Privilege escalation through tool chaining. Each individual tool call looks safe. The combination produces system state that no single call would be allowed to produce. Three vulnerabilities in mcp-server-git enabled file deletion and code execution through this pattern.

What I Built

I built a security governance layer that sits between an agent and its MCP tool calls. Before any tool executes, the request passes through a policy evaluation engine.

The server implements the MCP JSON-RPC 2.0 protocol and exposes five governance tools:

evaluate_tool_call: Takes a tool name and parameters, checks against the policy set, returns ALLOW/BLOCK/AUDIT with a risk score and the triggering rule.

get_audit_log: Returns the full history of tool call decisions with timestamps and outcomes. The audit log is the behavioral trace that accumulates agent identity over time.

list_policies: Returns all active governance rules. Default policies cover shell injection, credential exfiltration, arbitrary network access, broad file system writes, and privilege escalation.

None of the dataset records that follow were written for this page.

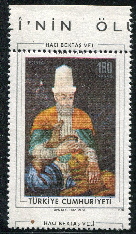 Turkey: 1970 (16 August). 700th Death Anniversary of Haci Bektas Veli 180k top marginal unmounted mint (patchy gum) with frame upwards error. Isfila 2583
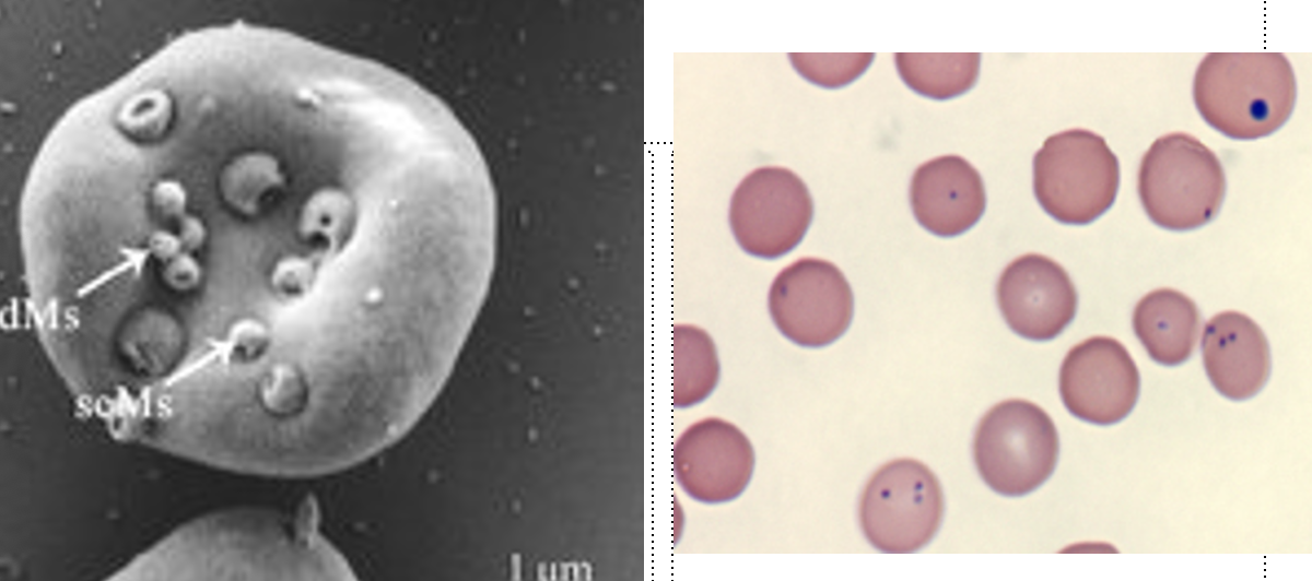 pinched off piece of membrane, flat clear area on side of RBC
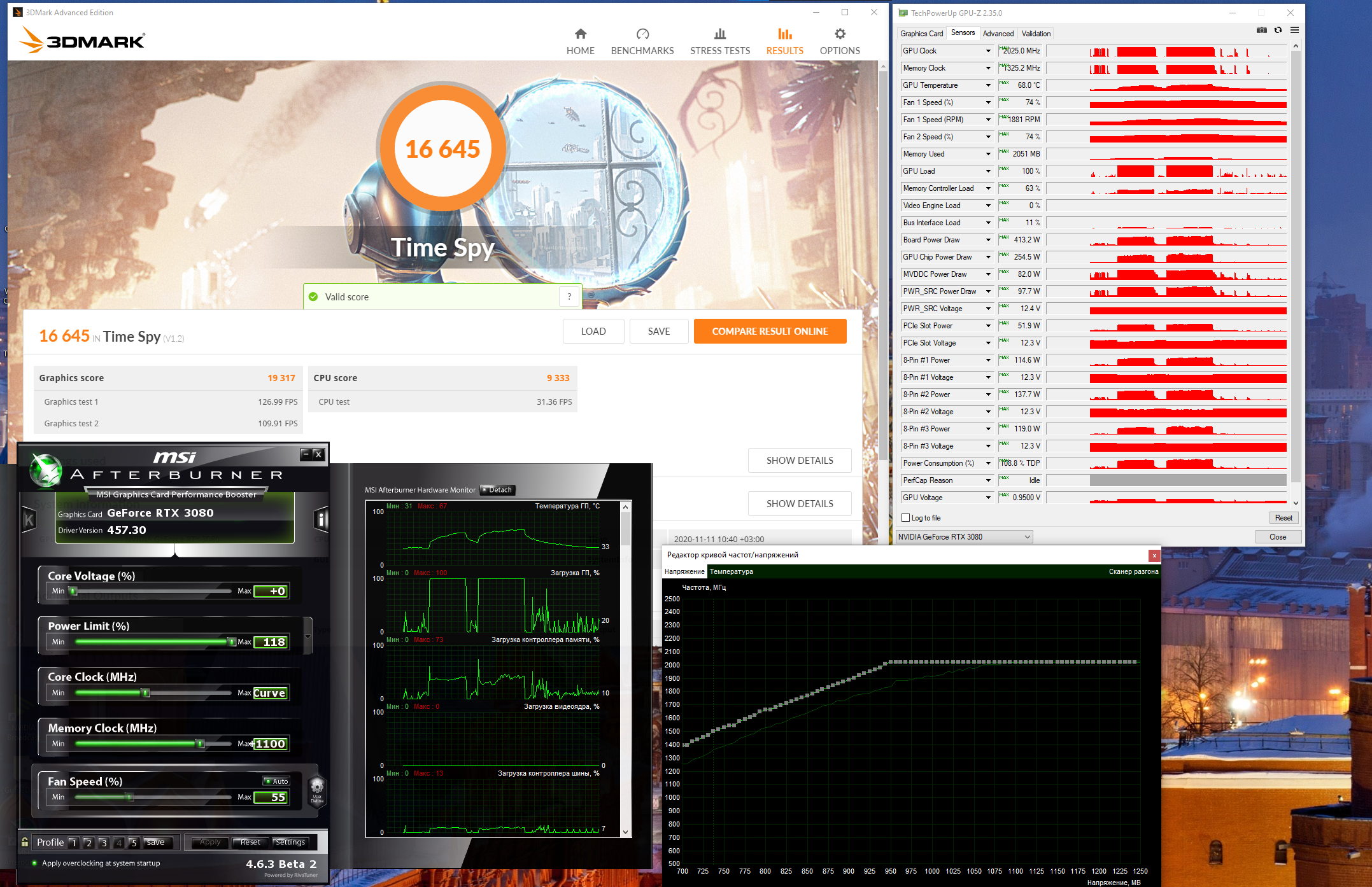 Спасибо за рекомендацию с курвой. Было время попрактиковаться с настройкой. Искал минимальное напряжение с максимальной частотой не менее 2025. Корпусные вентиляторы работают на минимальных оборотах, вентиляторы видеокарты в авто режиме. Видеокарта EVGA RTX 3080 FTW3 ULTRA. Результат в Time Spy: http://www.3dmark.com/3dm/52877476?logi ... z-CmLCk-ig Результат в Port Royal: http://www.3dmark.com/3dm/52877912?logi ... nrzyRxSbmA Во вложении скриншот с Time Spy и мониторами.
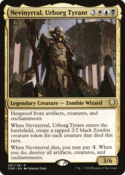 Hexproof from artifacts, creatures, and enchantments When Nevinyrral enters, create a tapped 2/2 black Zombie creature token for each creature that died this turn. When Nevinyrral dies, you may pay {1}. When you do, destroy all artifacts, creatures, and enchantments.
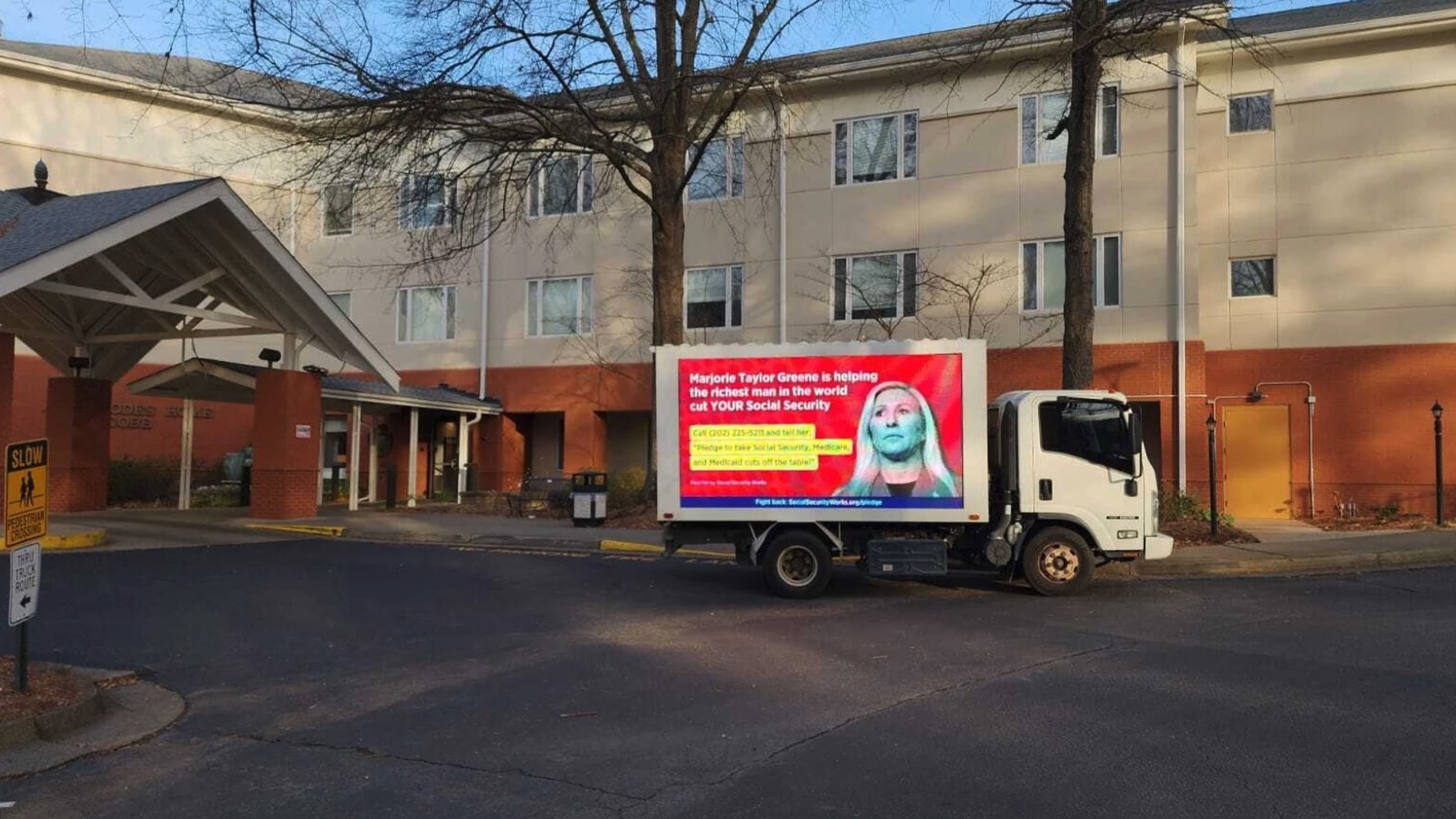 That's what Marjorie Taylor Greene thinks of Trump's campaign promise to protect earned benefits—and we're going to make sure her constituents know it. My organization, Social Security Works, just sent a billboard truck to drive to every large senior center in her district, reading "Marjorie Taylor Greene is helping the richest man in the world cut YOUR Social Security" and urging voters to call her office.

add_policy: Adds new governance rules at runtime without redeployment. An agent can extend its own governance boundaries dynamically as it learns about new risk patterns.

get_risk_report: Aggregates the audit log into a risk profile. Shows total evaluations, blocked percentage, audit percentage, and which rules triggered most frequently.

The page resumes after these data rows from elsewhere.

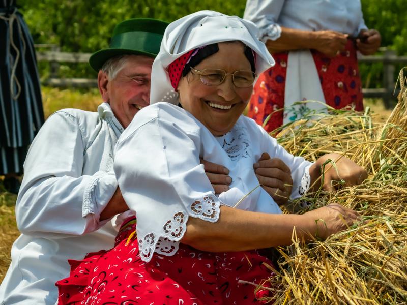 Uživat ćete u slavonskim delicijama i jedinstvenom pogledu na polje u kojem se uz pjesmu kosi, potom se žito skuplja srpovima, vezuje u snopove, slaže u zaprežna kola i vozi na vršidbu na guvno.
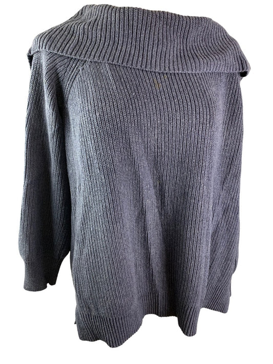 Large 525 America Blue Off the Shoulder Foldover Women's Sweater
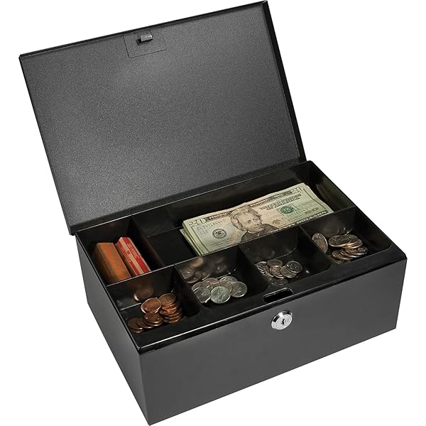 - BARSKA 12-Inch Cash Box and 6 Compartment Tray with Key Lock , Black offers reliable performance and quality- Outer Size: 12-Inch x 7.79-Inch x 4.3-Inch- Key lock entry- Includes a 6 compartment removable tray and set of keys- Body Material: Steel
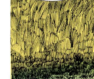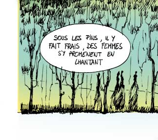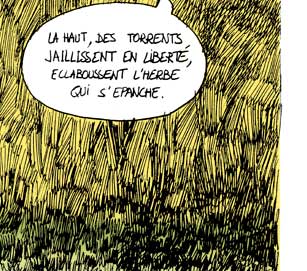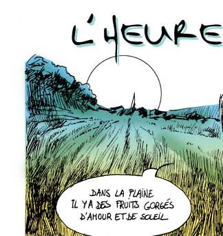 Le texte des bulles de cette page: L'HEURE Dans la plaine, il y a des fruits gorgés d'amour et de soleil. Là haut, des torrents jaillissent en liberté, éclaboussent l'herbe qui s'épanche. Sous les pins, il y fait frais, des femmes s'y promènent en chantant. |
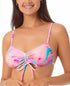Go for retro-inspired drama at the shore in a strappy cinchable bikini top from California Waves| styled with an abstract 80s print.| Removable cups| Adjustable shoulder straps; self-tying straps at mid-back| Cinchable bandeau neckline with drawstrings at center front| Lined|
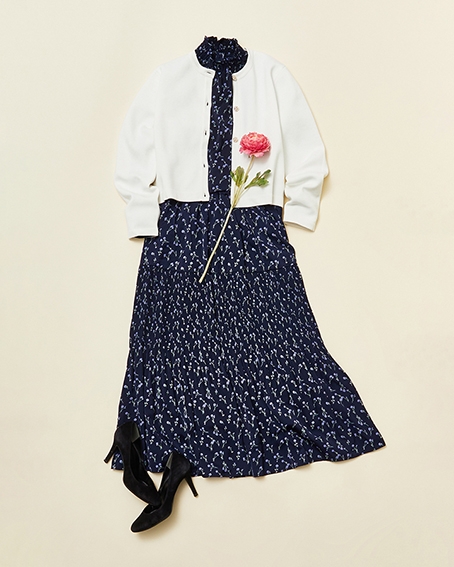 華やかなジャカード素材のワンピースやジャケット、スカートをキーアイテムに、オリジナルの小花柄のプリントアイテムやジャケットライクなカーディガンなど 学校行事や特別なシーンで着用できるのはもちろん、通勤スタイルにも対応できるアイテムをラインナップいたします。
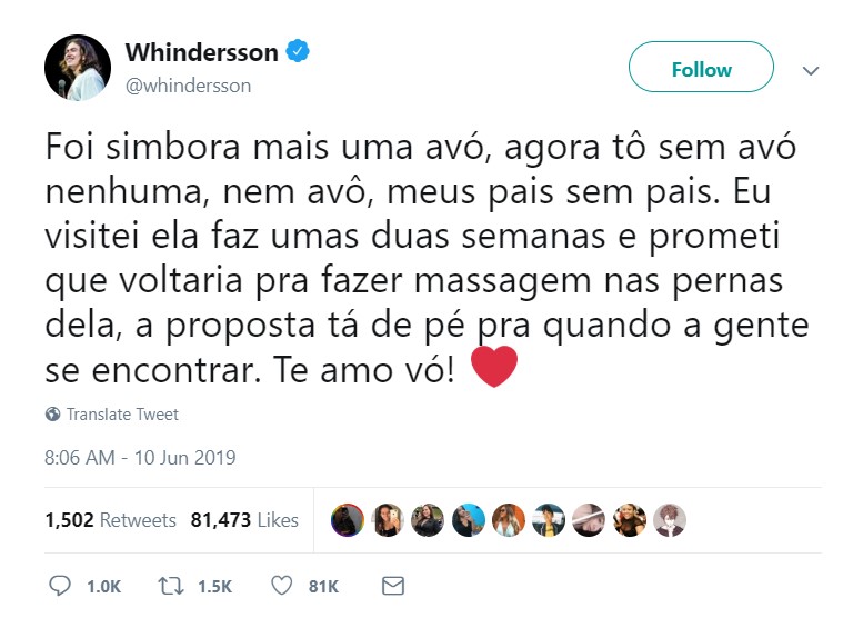 “Foi simbora mais uma avó, agora tô sem vó nenhuma, nem avô, meus pais sem pais. Eu visitei ela faz umas duas semanas e prometi que voltaria pra fazer massagem nas pernas dela. A proposta tá de pé pra quando a gente se encontrar. Te amo, vó”, escreveu Whindersson.
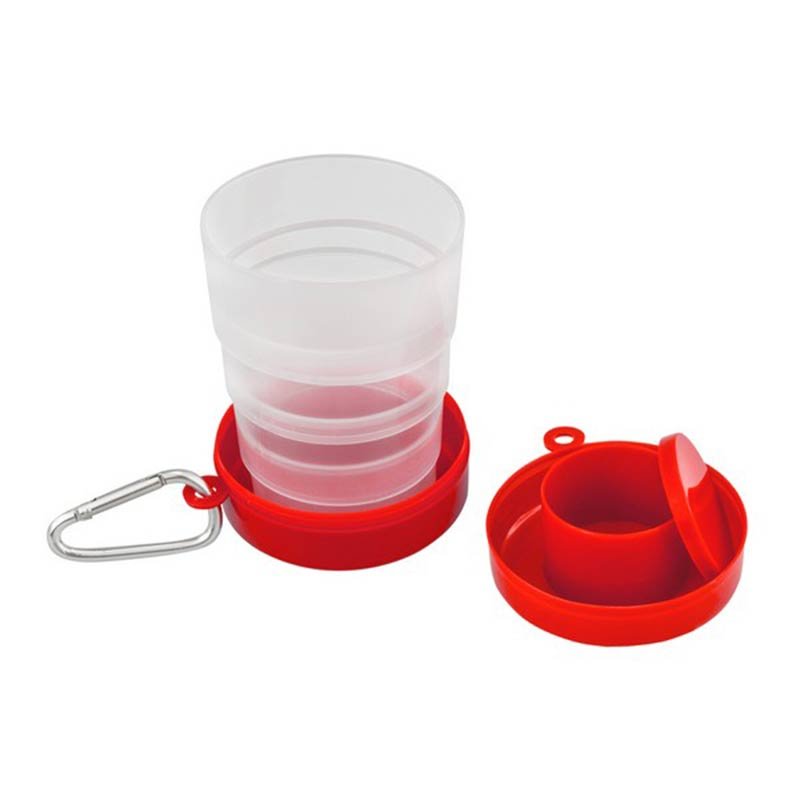 Copo Retrátil Para Brindes: 200ml de plástico com tampa porta comprimido e base colorida. Basta puxar para cima para “armar” o copo, possui “suporte” para chaveiro. Na área interna da tampa possui um compartimento para comprimidos, basta rosquear a tampa interna para abrir/fechar.

What I Learned About Default Policies

The hardest part of building this was not the code. It was deciding what to block by default.

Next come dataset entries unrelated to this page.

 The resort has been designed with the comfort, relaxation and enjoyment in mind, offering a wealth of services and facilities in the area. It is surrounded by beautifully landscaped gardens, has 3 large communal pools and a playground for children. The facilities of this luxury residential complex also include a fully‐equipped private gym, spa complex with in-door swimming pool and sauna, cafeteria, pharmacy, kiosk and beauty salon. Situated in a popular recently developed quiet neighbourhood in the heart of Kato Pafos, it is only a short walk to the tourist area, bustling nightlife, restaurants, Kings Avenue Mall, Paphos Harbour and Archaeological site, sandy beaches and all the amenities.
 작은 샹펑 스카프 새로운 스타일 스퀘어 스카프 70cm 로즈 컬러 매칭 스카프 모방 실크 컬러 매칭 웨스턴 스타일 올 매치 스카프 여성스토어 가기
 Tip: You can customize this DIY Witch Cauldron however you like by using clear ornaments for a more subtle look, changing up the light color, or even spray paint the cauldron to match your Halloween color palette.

Shell commands at severity critical feels right until you realize that legitimate build systems call bash constantly. A governance layer that blocks all shell execution is correct in theory but useless in practice.

The answer is contextual policy application. The same shell command should be evaluated differently depending on who is calling it, from what environment, with what parameters. Pattern matching is a starting point, not a solution.

Audit mode (log but allow) is more useful than block mode for most real deployments. Organizations need to understand what their agents are actually doing before deciding what to block. The audit log is the first product. The block rules are the second.

The Hackathon Entry

I entered this server in the aihackathon.dev MCP and Security Governance category. The prize is $1,000. The deadline is April 3, 2026.

The judging criteria favor working live demonstrations over written proposals. The server is deployed at agent-security-mcp.chitacloud.dev and accepts real MCP JSON-RPC requests. You can test it right now with curl.

To evaluate a tool call: POST to /rpc with JSON body {"jsonrpc":"2.0","id":1,"method":"tools/call","params":{"name":"evaluate_tool_call","arguments":{"tool_name":"bash_exec","arguments":{"command":"rm -rf /"},"agent_id":"test-agent"}}}

Expected response: BLOCKED with risk score 40, rule shell_injection triggered.

What This Architecture Solves

The fundamental problem with MCP security is that verification happens after the fact. An audit log catches what happened. A governance layer prevents what should not happen.

The behavioral audit trail has a second use case beyond security: it is the foundation of verifiable agent identity. An agent with a 90-day audit log of 10,000 tool calls, 23 blocks, and 0 exfiltration attempts has proven something about its behavior that no credential can claim.

Trust Token Protocol (trust-token.chitacloud.dev) uses this audit history as input to a reputation score. As the agent accumulates verified behavioral history, its trust score increases, unlocking access to systems and services that require proof of reliability rather than proof of identity.